Justo, justo, justo por esto, me encanta el deporte. ¡Qué gusto, los domingos, desayunar con la columna de Manuel Vicent en El País! Recién llegado a casa de nuestro Torneo Intercajas de Baloncesto, cuyo balance publicábamos ayer, añorando mis tiradas con Las Verdes, recordando esa motivación de la que hablábamos el viernes en la columna de IDEAL… entenderán que suscriba, palabra por palabra, la sapiencia que desprende esta columna, titulada Éxito.
En los países anglosajones el deporte es la base de la educación. El esfuerzo, la audacia, el juego limpio, no dar nunca nada por perdido hasta el final, aceptar la victoria o la derrota con elegancia son valores que se desarrollan primero en el patio de los colegios, se transforman en conocimiento en las aulas y de ellos se nutre luego la moral ciudadana.

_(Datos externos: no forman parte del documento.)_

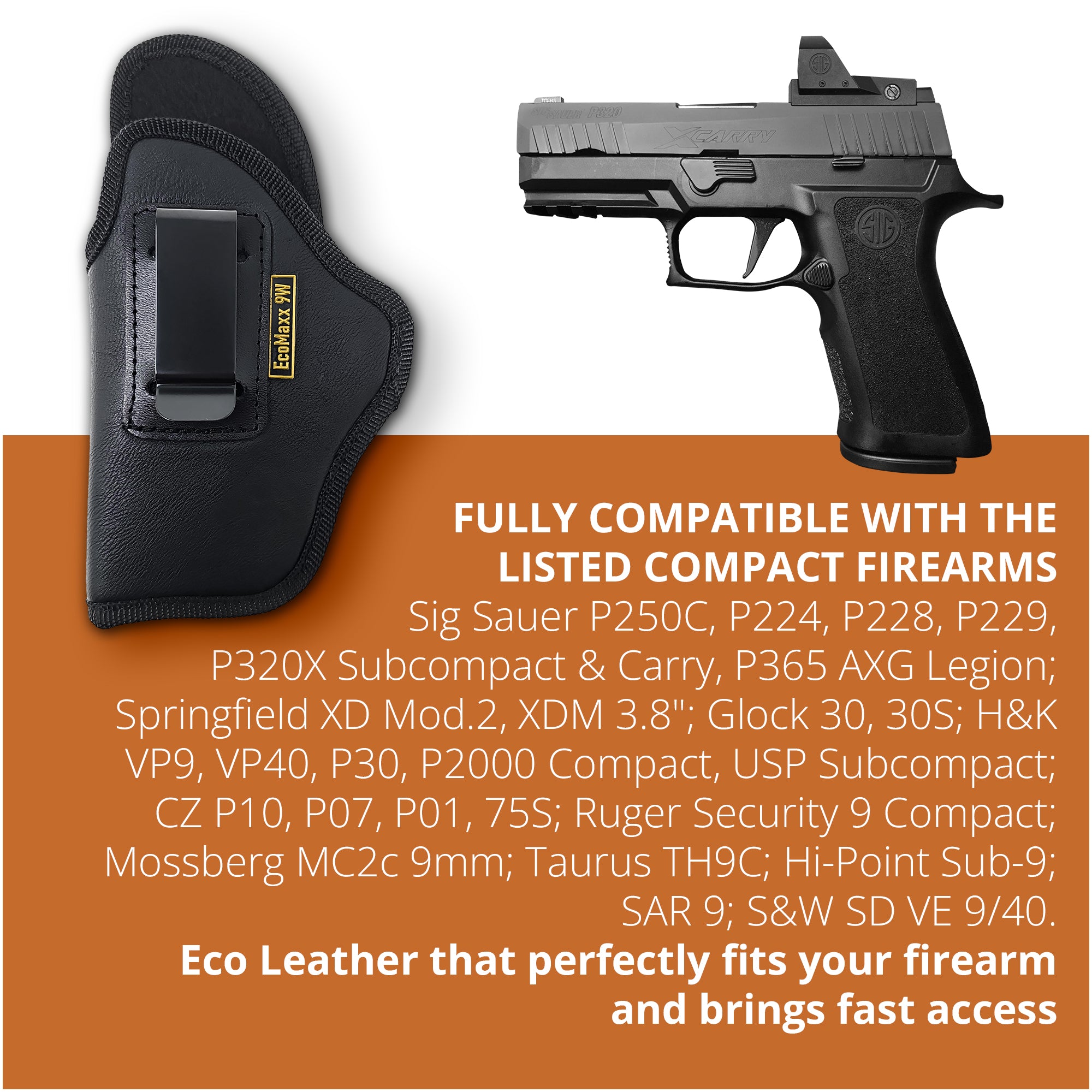 Optic Ready Compact Eco Leather IWB Holster for SIG Sauer P320X. Left Hand

En la cultura anglosajona el pensamiento se genera a través de la acción. Con esta regla crearon su imperio. En la educación latina, en cambio, queda establecido que en el principio era el verbo, que siempre termina haciéndose carne. España ha sido tradicionalmente un país verborreico, tierra propicia para leguleyos, abogados, tribunos, predicadores y sacamuelas. Durante el franquismo, un mando falangista daba la asignatura de formación del espíritu nacional en la escuela.

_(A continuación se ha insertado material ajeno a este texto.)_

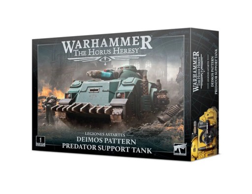 This multipart plastic kit builds one Legion Support Predator, a versatile battle tank in the Deimos pattern. This powerful tank stalks the battlefield in armoured squadrons, and can be built with one of five turret weapons – a long-range heavy conversion beam cannon, a devastating executioner plasma destroyer, an armour-piercing magna-melta cannon, an infantry-melting flamestorm cannon, or a vehicle-slaying neutron blaster. It also boasts a pair of sponson weapons – heavy bolters, heavy flamers, lascannons, or volkite culverins – that can supplement its primary weapon or allow it to engage a more diverse range of threats.

Con soflamas patrióticas, que eran puro flato, llevaba a los alumnos por el imperio hacia Dios y desde los luceros se bajaba después al recreo donde un instructor desganado y fondón dirigía una tabla de gimnasia rudimentaria con un bocadillo de chorizo en la mano.

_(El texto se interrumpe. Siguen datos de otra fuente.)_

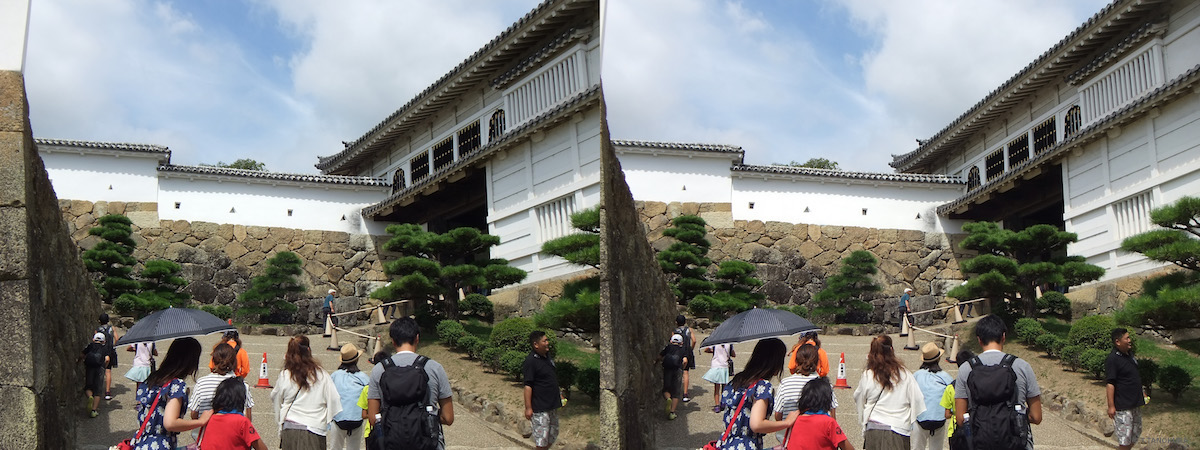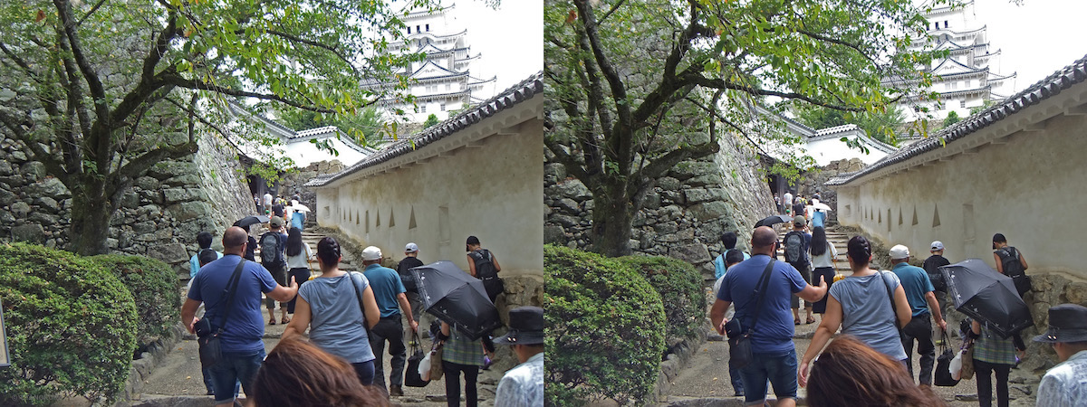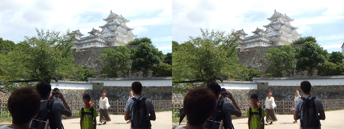 いずれも写真は姫路城です。交差法で立体視ができます。

Los charlatanes apenas han cambiado de tarima, pero de forma casi milagrosa España ha generado hoy una floración de campeones del mundo en el deporte. Mientras este país sigue produciendo, en general, políticos, artistas, escritores y científicos sin ningún significado en el orden internacional, unos deportistas de élite no cesan de generar victorias que obligan una y otra vez en cualquier parte del planeta a tocar el himno e izar en el mástil la bandera española, que aquí ha representado lo más rancio y nefasto del patriotismo.
El éxito mundial en el deporte comienza a ser una costumbre en esta tierra de perdedores. Los jóvenes han comenzado a asociar la patria, no con un desfile militar ni con un acto político institucional, sino con la figura de cualquiera de nuestros campeones subido en lo más alto del podio.
En Grecia se solía derribar parte de la muralla de una ciudad para que entrara con todo esplendor el atleta que había triunfado en los juegos olímpicos. Pero eso sucedía cuando en el principio era la acción y el verbo no se había convertido todavía en nuestra carne.